His words catch you off-guard but you try to look unaffected. 
“Is there anything else you need me to do, sir?” You ask, knowing that he’s past giving you work at this hour on a Friday, but you’re too nervous to think of what else he needs you for.
“No. I…” he stutters. “You, uh, you’ve been avoiding me,” he manages to say, his eyes pleading for you to look at him. 
But still, you don’t.
“I’m with you everyday, Mr. Jeon,” you insist, your tone cold. “I can’t possibly be avoiding you.”
“You haven’t looked at me all week.”
As if in reflex, you glance at him, then shift your eyes on the couch to your left.
“That doesn’t count,” he says, his voice oozing in desperation for you to just spare him some time, something you’ve never heard before.
So you give in, as you slowly meet his eyes, and you’re reminded why you didn’t want to do it in the first place. They’re so sullen. Tired, it seems, but just lacking in light. They were always so expressive, even when they’re angry, and even more when they’re sad. 

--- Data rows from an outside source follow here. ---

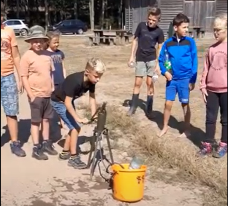 Zaterdag was het helpen in het vogelasiel te Nieuw Bergen, veren verzamelen, hokken schoonmaken en voeren. Daarna picknicken bij de speeltuin aan de Ceresweg. Daar werden petflesraketten gelanceerd. ‘s Middags waren we weer terug bij het Leger waar Rik van R-adventure het eindspel met de grote kinbal verzorgde.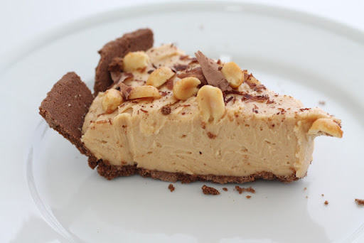 In a mixing bowl, beat whipping cream, gradually increasing speed. Once it is stiff and forming soft peaks, blend in powdered sugar, a half cup at a time. Add peanut butter, blend. {Warning: do not taste...if you do, you may never get to the next step...there's not much better to me than peanut butter cream}. Last, add cream cheese. Scoop batter into your crust, smooth, garnish and refrigerate 2 hours before serving. {Shown with chocolate shavings and roasted peanuts}.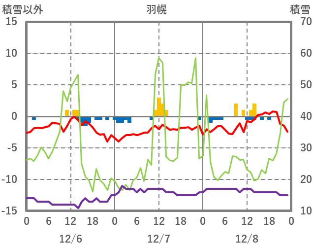 | 日 | 時 | 気温 | 降水 | 風向/風速 | 日照 | 積雪 | 降雪 |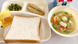 今日の献立は、食パン、アプリコットジャム、牛乳、わかさぎフライ、スープ煮、三度豆とコーンの甘酢あえでした。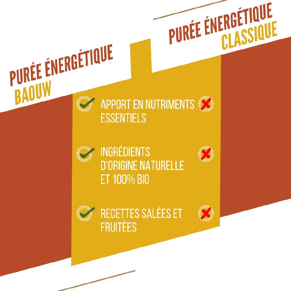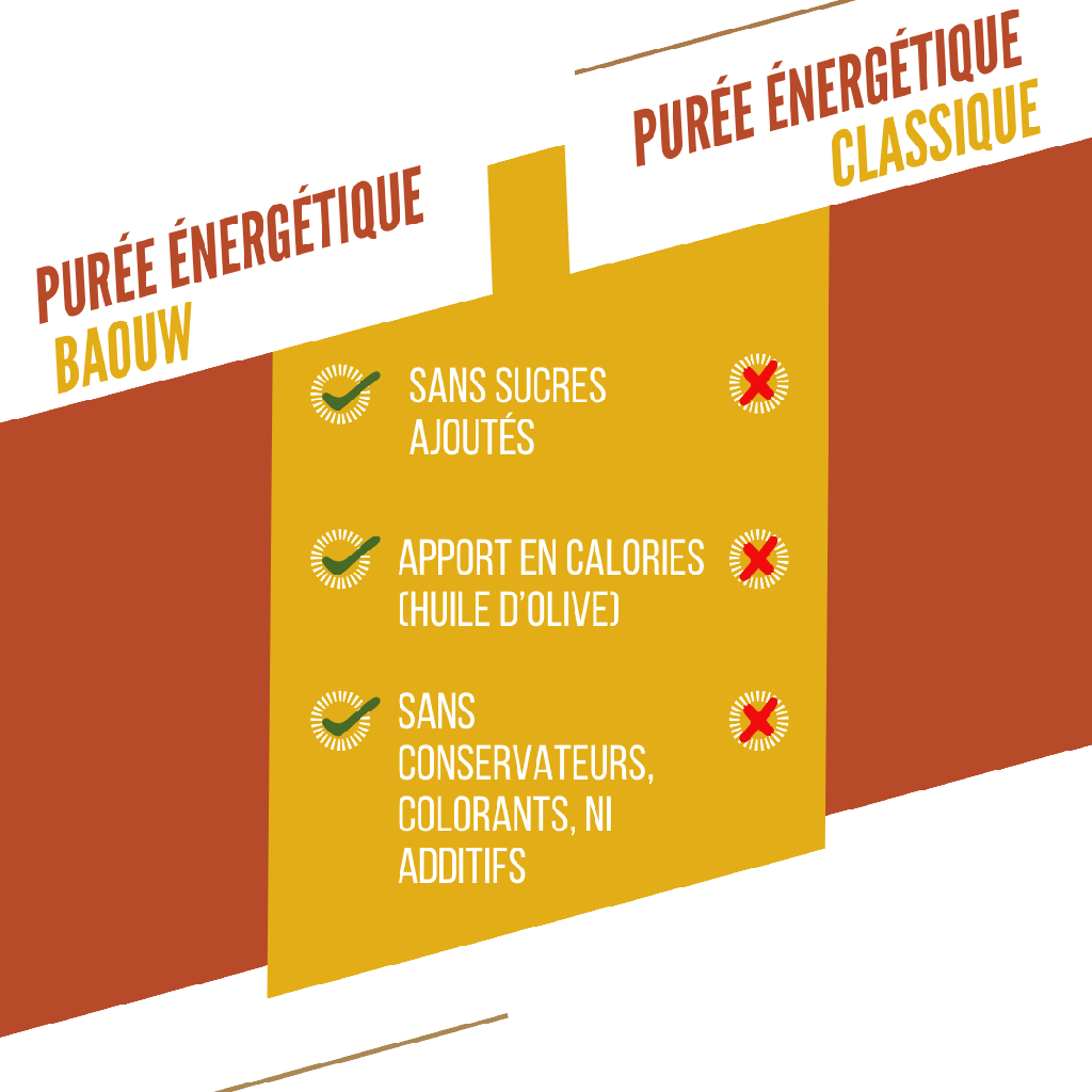 Konzipiert für den Sport, die BAOUW Energetisches Püree liefert die notwendigen Mineralien mit seiner Textur, die sich besonders während des Sports wie von selbst verteilt. Dank des Rezepts eines Küchenchefs mit zwei Michelin-Sternen bietet es einen milden und subtilen Geschmack. Es enthält keinen Zuckerzusatz, sondern nur den Zucker von Bio-Früchten!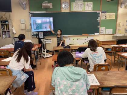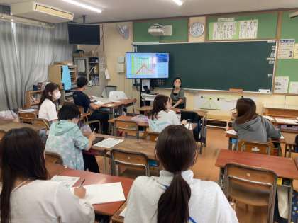 今日は、研究主任の教員を講師として、授業での資料提示や板書、話し合い、ふり返りの方法などについて研修を深めました。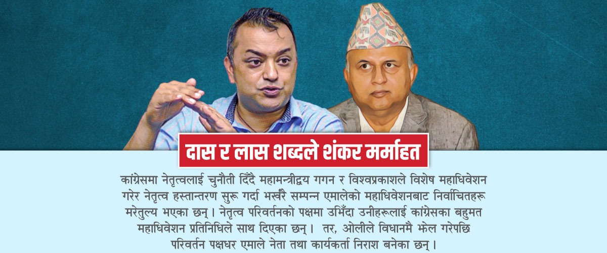 काठमाडौं । नेपाली कांग्रेसमा नेतृत्वलाई चुनौती दिँदै महामन्त्रीद्वय गगन थापा र विश्वप्रकाश शर्माले विशेष महाधिवेशन गरेर नेतृत्व हस्तान्तरण सुरु गर्दा भर्खरै सम्पन्न एमालेको महाधिवेशनबाट निर्वाचितहरू मरेतुल्य भएका छन् ।
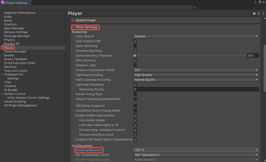 • 点击 Player Settings -> Other Settings,根据需求调整编译设置,Scripting Backend 可选项为 .NET 8 或者 ILCPP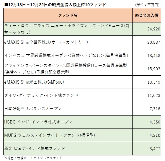 国内公募追加型株式投信(確定拠出年金専用、ファンドラップ専用、及びETF除く)を対象として、ウエルスアドバイザー推計値に基づいて先週(2023年12月18−22日)の純資金流入額上位10ファンドを確認したところ、20日設定の「ティー・ロウ・プライス ニュー・ホライズン・ファンドBコース(為替ヘッジなし)」がトップとなったほか、3ファンドが新たにトップ10入りした。 ティー・ロウ・プライス・ジャパンの「ティー・ロウ・プライス ニュー・ホライズン・ファンドBコース(為替ヘッジなし)」は約249億円の純資金流入となった。同ファンドは実質的に、成長性が高いと判断した米国小型企業の株式を主要投資対象とする。同ファンドのほかには、「HSBC インド・インフラ株式オープン」、「MUFG ウェルス・インサイト・ファンド(標準型)」、「新光 ピュア・インド株式ファンド」が新たにトップ10入りした。「HSBC インド・インフラ株式オープン」は11月20−24日以来、「新光 ピュア・インド株式ファンド」は8月21−25日以来、「MUFG ウェルス・インサイト・ファンド(標準型)」は今年初めてのランクインとなった。 先々週(12月11−15日)に続いてランクインしたのは、「eMAXIS Slim全世界株式(オール・カントリー)」、「インベスコ 世界厳選株式オープン<為替ヘッジなし>(毎月決算型)」(愛称:世界のベスト)、「アライアンス・バーンスタイン・米国成長株投信Dコース毎月決算型(為替ヘッジなし)予想分配金提示型」、「eMAXIS Slim米国株式(S&P500)」、「ダイワ・ダイナミック・インド株ファンド」、「日本好配当リバランスオープン」。 一方、先々週トップ10入りしていたファンドのうち、「SBI 日本高配当株式(分配)ファンド(年4回決算型)」(愛称:SBI日本シリーズ − 日本高配当株式(分配))、「楽天・全米株式インデックス・ファンド」(愛称:楽天・VTI)、「日経225ノーロードオープン」、「世界半導体関連フォーカスファンド」がトップ10圏外となった。

“I just…” you start, knowing that with all that’s happened and with all the stress and pressure he has to endure, you can’t be another one in his list to have to try to figure out. You at least owe it to him to be honest.
You look at the door, suddenly conscious of who might wander in your area, and Jungkook takes your cue, closing it once you nod. 
“So, why have you been avoiding me?” He asks again, his voice gaining a bit of life now that you’ve given him a chance to talk.
“I was just ashamed,” you admit, looking away as the scene from last week plays in your mind again. “I said things I shouldn’t have and they made you uncomfortable and—”
“How do you know that?” He interjects.
“Because you pulled away!” You say too loudly, lowering your head in embarrassment at the clear frustration you’re expressing. “I thought you wanted to… uh…”
“Kiss you,” he finishes, earning him the slightest of nods from you. 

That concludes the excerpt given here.